Philippe BOLO
Député du Maine-et-Loire
Membre de l’Office parlementaire d’évaluation des choix scientifiques et technologiques
Secrétaire de la Commission spéciale chargé d’examiner le projet de loi de simplification de la vie économique
Les plastiques : une menace invisible pour la santé et l’économie.

Député du Maine-et-Loire
Membre de l’Office parlementaire d’évaluation des choix scientifiques et technologiques
Secrétaire de la Commission spéciale chargé d’examiner le projet de loi de simplification de la vie économique



Pouvez-vous nous rappeler les conditions d’écriture du premier Rapport que vous avez rédigé avec la Sénatrice Angèle Préville ?
Le Rapport a été commencé en septembre 2019. Et la Covid est arrivée. En règle générale, pour les rapports longs comme celui-ci, entre 40 et 50 auditions sont réalisées. Mais en confinement, avec un emploi du temps très allégé, nous avons, de la mi-mars à la fin juin, du lundi au vendredi, de 9h à 18h, auditionné à nous deux 450 personnes. Le Rapport a été remis en décembre 2020 dans le cadre de l’OPECST, l’Office parlementaire d’évaluation des choix scientifiques et technologiques.

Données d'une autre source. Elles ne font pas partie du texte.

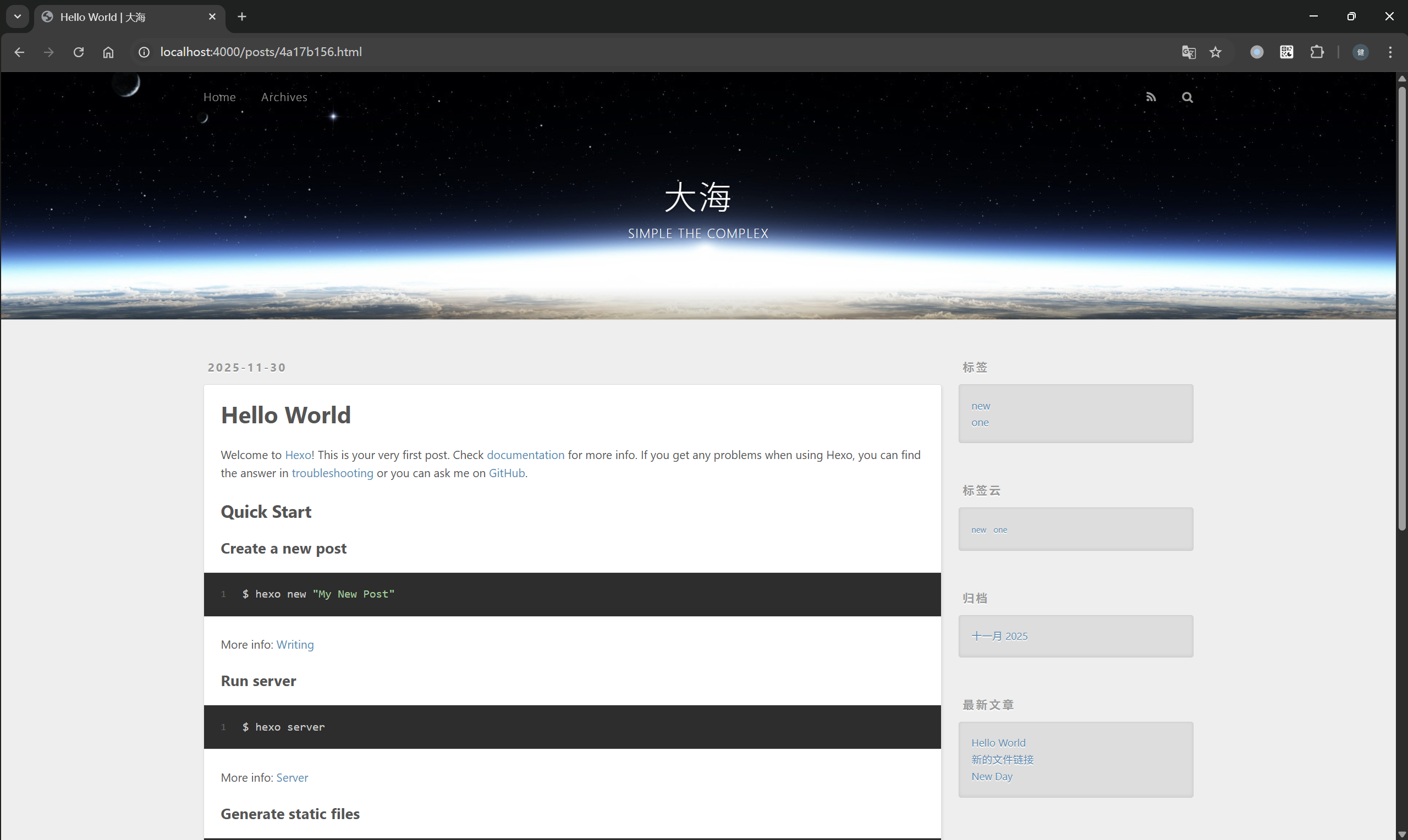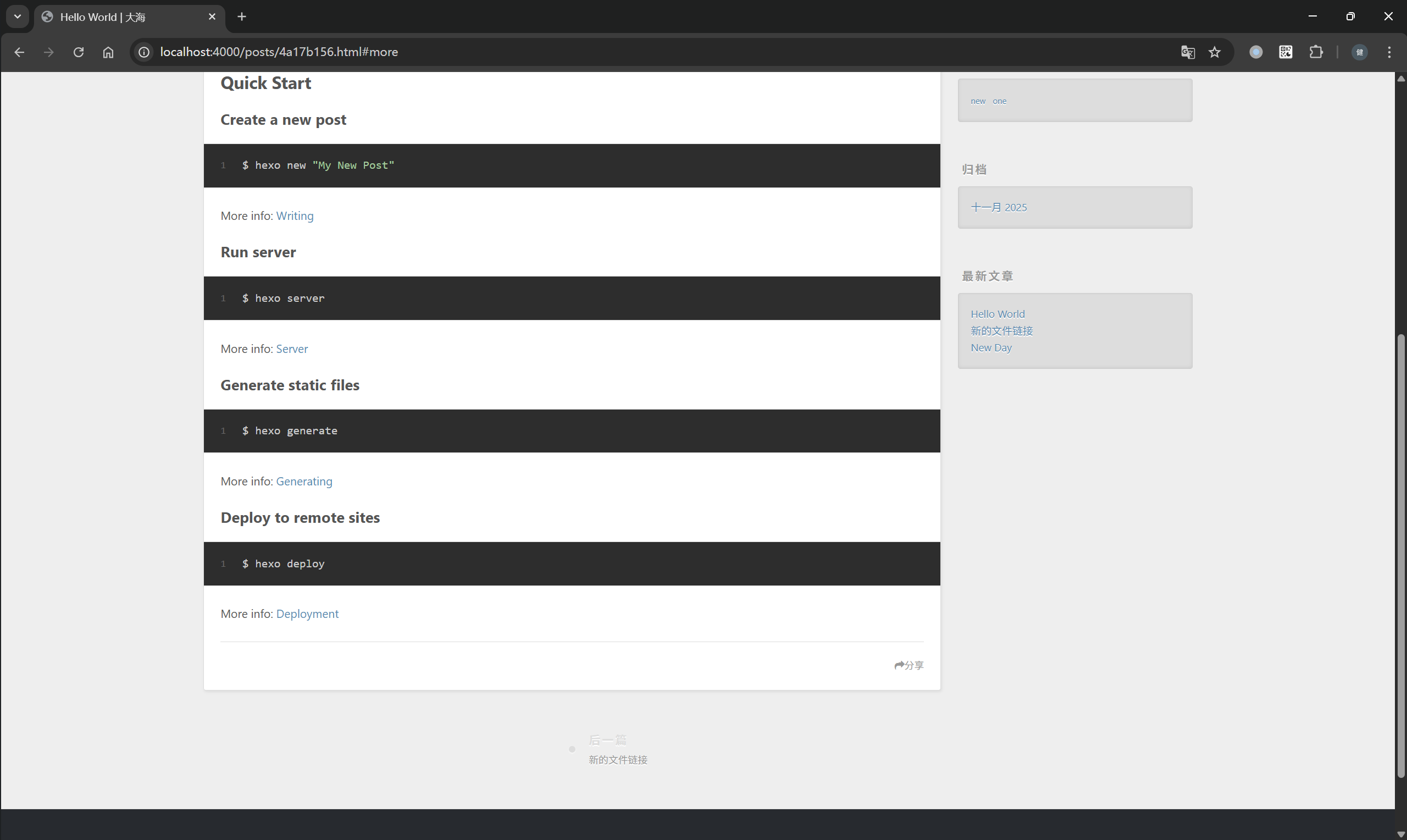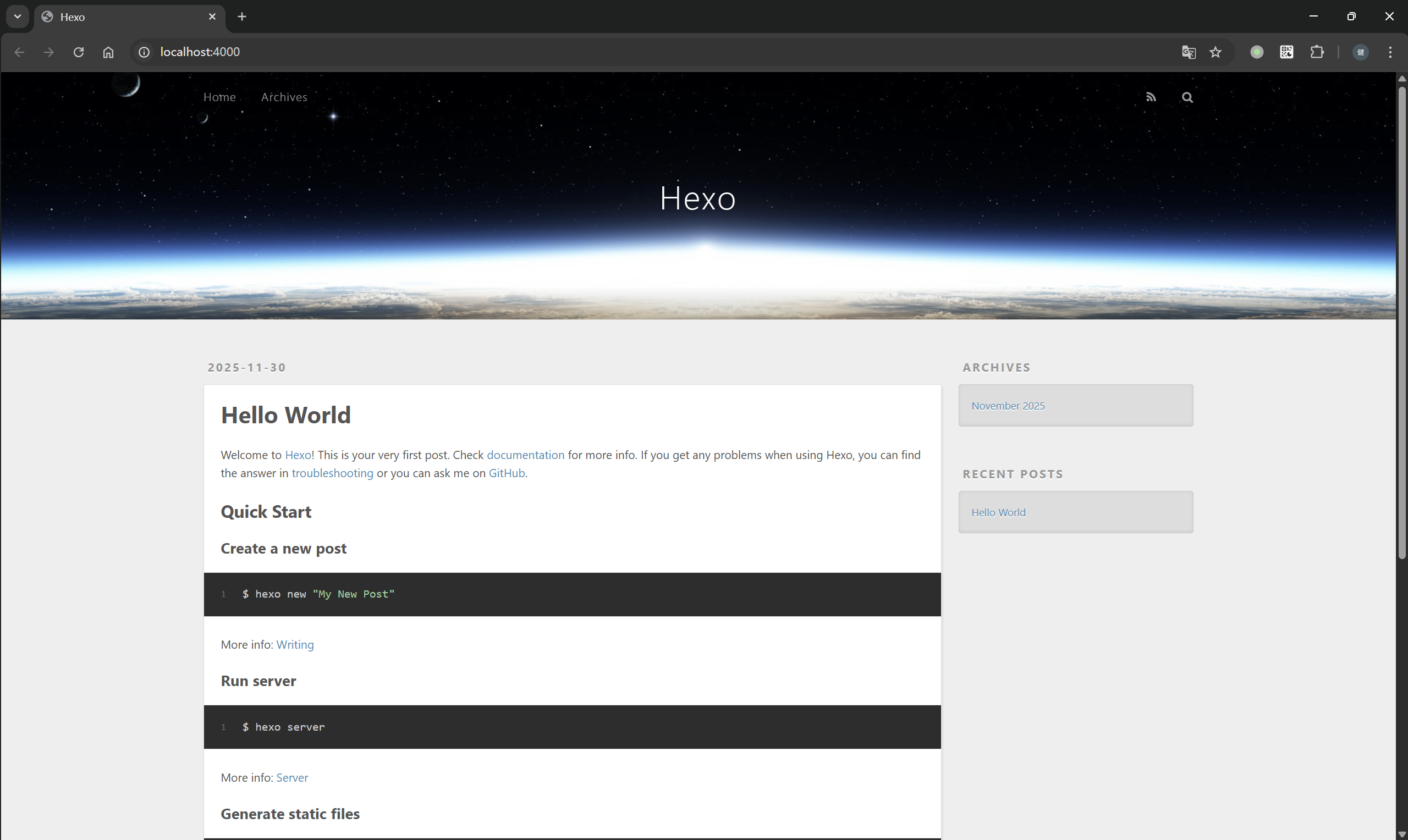 # 启动本地预览服务器(注意:需额外暴露端口!) # node@1156c9756f25:/blog$ hexo server # INFO Validating config # INFO Start processing # INFO Hexo is running at http://localhost:4000/ . Press Ctrl+C to stop. hexo server --host 0.0.0.0
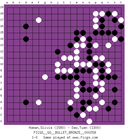 Last move : 1-0 2020 September 1 8:15:27 [Event "FICGS__GO__BULLET_BRONZE__000258"] [Site "FICGS"] [Date "2020.09.01"] [Round "1"] [Black "Homan,Olivia"] [White "Dao,Tuan"] [Result "1-0"] [Rating 1 "1580"] [Rating 2 "1300"] 1.k10 q4 2.o4 q6 3.q8 o3 4.n3 p3 5.d4 r16 6.d16 p16 7.n4 f17 8.d14 r10 9.q10 q11 10.p10 r9 11.r8 p11 12.o11 o10 13.o9 n10 14.o12 p13 15.n9 m10 16.m9 l11 17.l10 m11 18.l13 m13 19.m14 n13 20.q17 p17 21.q16 r17 22.q15 q18 23.r18 p18 24.o13 n14 25.r15 s18 26.o14 r13 27.n15 m12 28.m15 k11 29.p15 j10 30.s8 s14 31.s17 s16 32.s15 t17 33.t14 t15 34.t16 p9 35.q9 t15 36.j12 j9 37.t16 p8 38.s17 p7 39.s6 m6 40.s4 l4 41.k8 k9 42.l8 l9 43.j8 f4 44.n7 m7 45.m8 g8 46.n6 m5 47.p6 p5 48.o6 q7 49.r3 n2 50.m2 o1 51.l3 1-0 Here are the names of the openings (joseki) played in the four corners : Corner q4 : q4 o4 Hoshi (Hwajeom, Seongjeom, Xingwei`) 4-4 Point. The star or hoshi (4-4) point, emphasizing influence at the potential expense of territory. Ikken Takagakari (Hankan Nop'dakeolch'im, Yi Gaojia, 1-Space High Approach). White typically responds at 6-4 or 3-10. White 4-10 is played when White finds play on the right side advantageous. White 4-8 or 3-8 may be played when White has support at top. Corner d16 : d16 f17 Hoshi (Hwajeom, Seongjeom, Xingwei`) 4-4 Point. The star or hoshi (4-4) point, emphasizing influence at the potential expense of territory. Ikken Kakari (Hankan Keolch'im, Yi Gua`jiao~, 1-Space Low Approach). White 2 is the standard approach move to the 4-4. Corner d4 : d4 j9 Hoshi (Hwajeom, Seongjeom, Xingwei`) 4-4 Point. The star or hoshi (4-4) point, emphasizing influence at the potential expense of territory. Player Black won this Go (weiqi, baduk) game. Follow this game move after move (download)If you have won four corners, resign. (Anonymous) If we knew what we were doing, we would not call it research. (Albert Einstein)
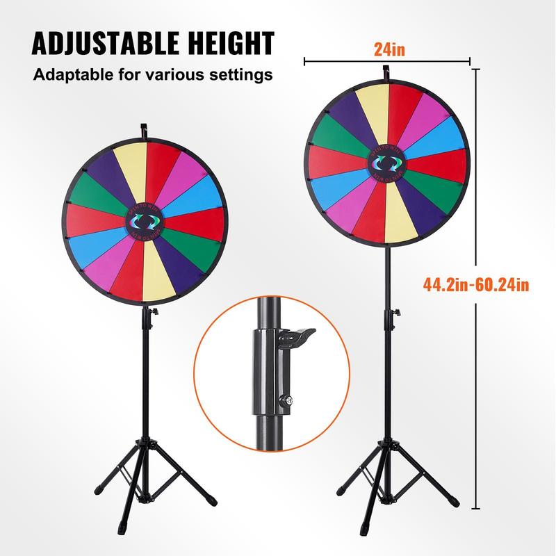 5. VEVOR 24 inch Spinning Prize Wheel, 14 Slots Spinning Wheel with Height Adjustable Stand, Roulette Wheel with a Dry Erase, and a Storage Bag, Win Fortune Spin Games in Party Pub Trade Show Carnival
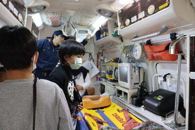 また、警察署では、警察官が地域の安心・安全な生活を守るために、日々どのような仕事をされているのか、仕事内容や警察官の装備品など説明を聞いた後、パトカーやバイクの乗車体験もさせてもらいました。
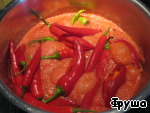 Кипятим смесь минут 20-25, пока у перцев хвостики не станут мягкими.
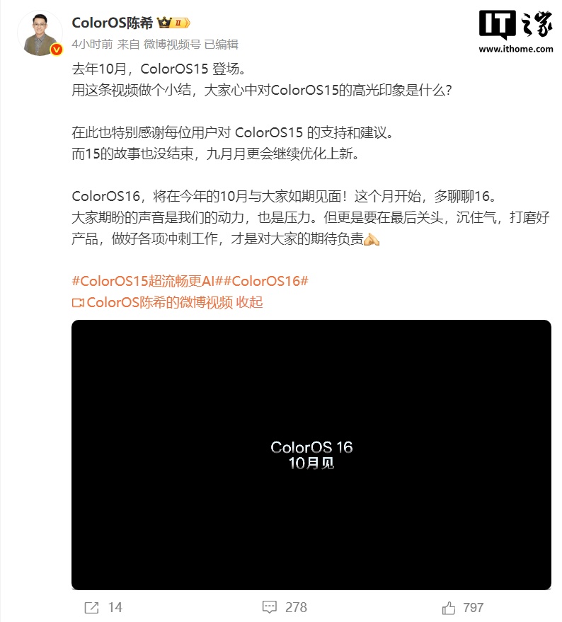 IT之家注意到,OPPO ColorOS 设计总监陈希 9 月 2 日宣布,ColorOS 16 将在今年的 10 月与大家如期见面。陈希还表示,15 的故事也没结束,九月月更会继续优化上新。
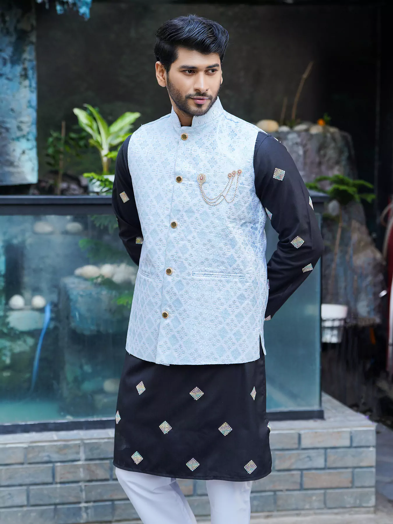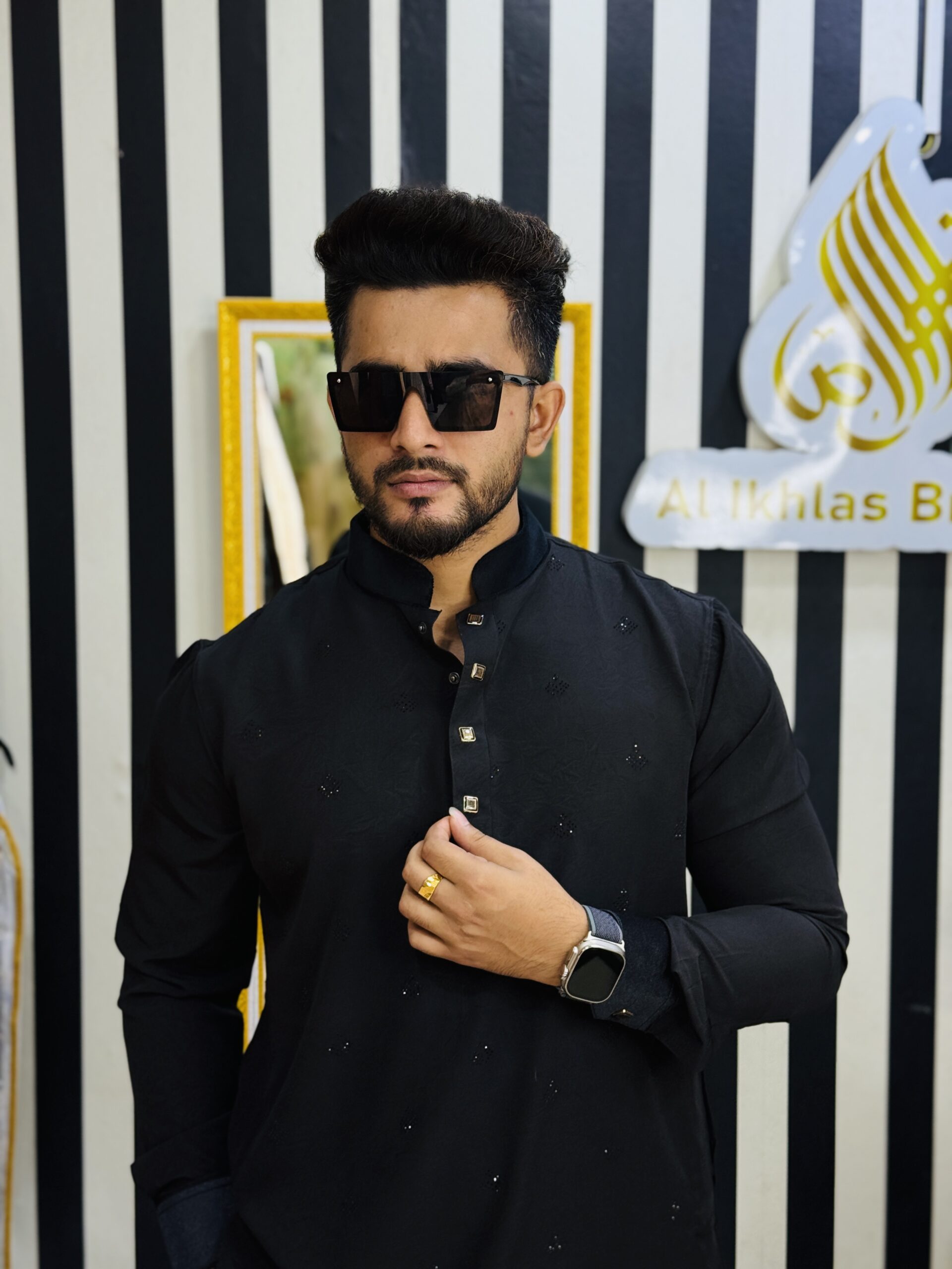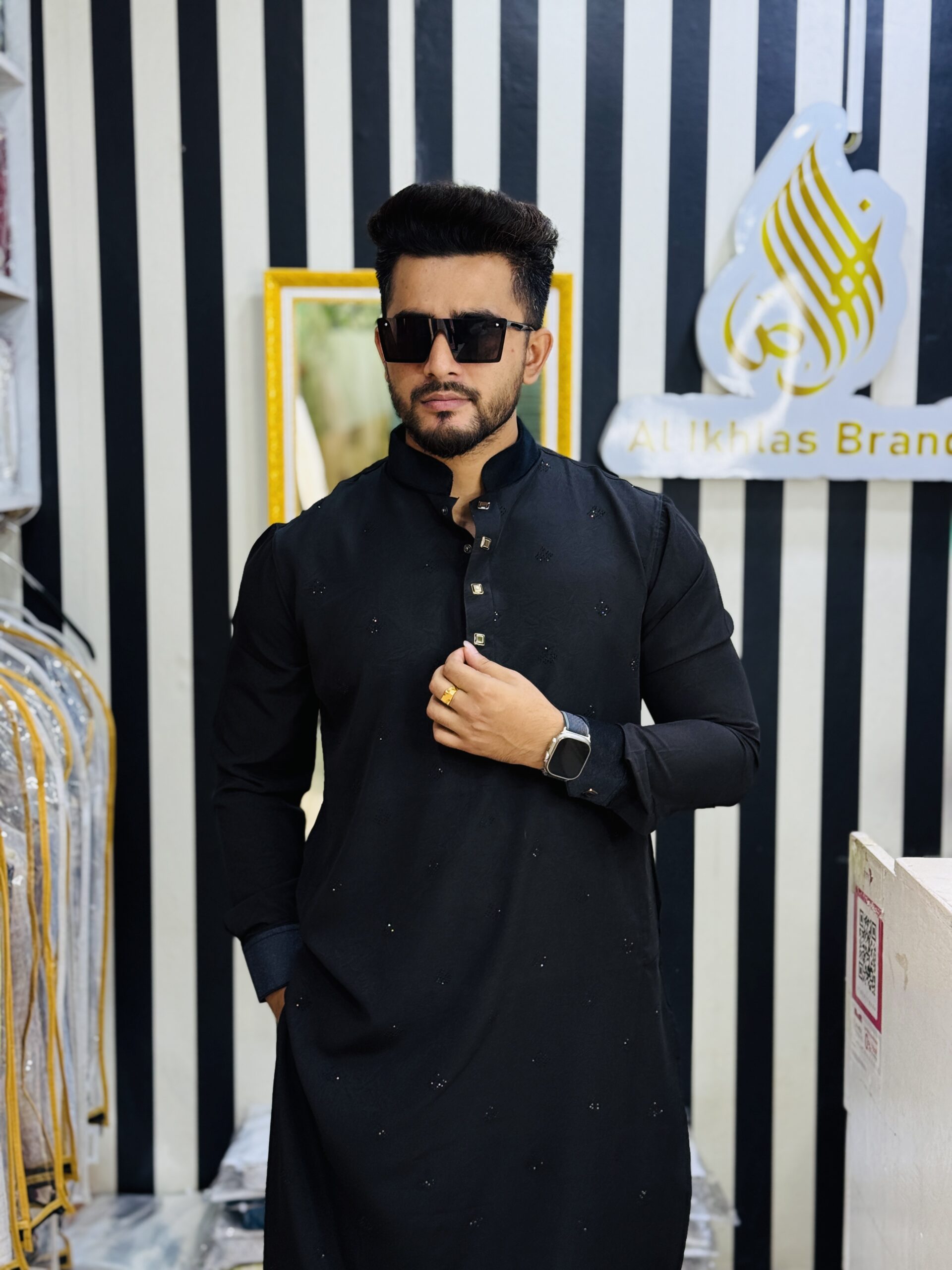 Premium Stone Punjabi Collection Black

Il a ensuite bénéficié d’un écho que nous n’imaginions pas. Depuis, je consacre presque 25% de mon temps à ces sujets liés aux plastiques, à leur pollution, aux emballages et à l’économie circulaire.
Pourquoi avoir décidé d’actualiser ce premier Rapport de 2020 ?
En 2022, lors de la législature suivante, nous nous sommes posés la question de la réactualisation de certains sujets en raison des évolutions survenues depuis le premier rapport. Nous avons ainsi rédigé une note sur le recyclage.
Ensuite, fin mai 2023, alors que le Traité international pour mettre fin à la pollution plastique faisait étape à Paris, nous nous sommes penchés, dans un nouveau rapport, sur ses enjeux scientifiques et technologiques. Plus récemment, en décembre 2024, à l’occasion de la dernière séquence de négociation du Traité, à Busan en Corée du Sud, j’ai constaté que si les sujets de la réduction de la production, ne faisaient pas consensus, en raison notamment des intérêts économiques, le sujet sur la santé suscitait moins de divergences. Ce fut l’occasion de demander à dix scientifiques, dix jours avant Busan, de dresser l’état des connaissances actualisées sur l’impact des plastiques sur la santé. De plus en plus de scientifiques alertent sur la présence des microplastiques dans le corps humain et la dangerosité de certaines substances associées aux plastiques.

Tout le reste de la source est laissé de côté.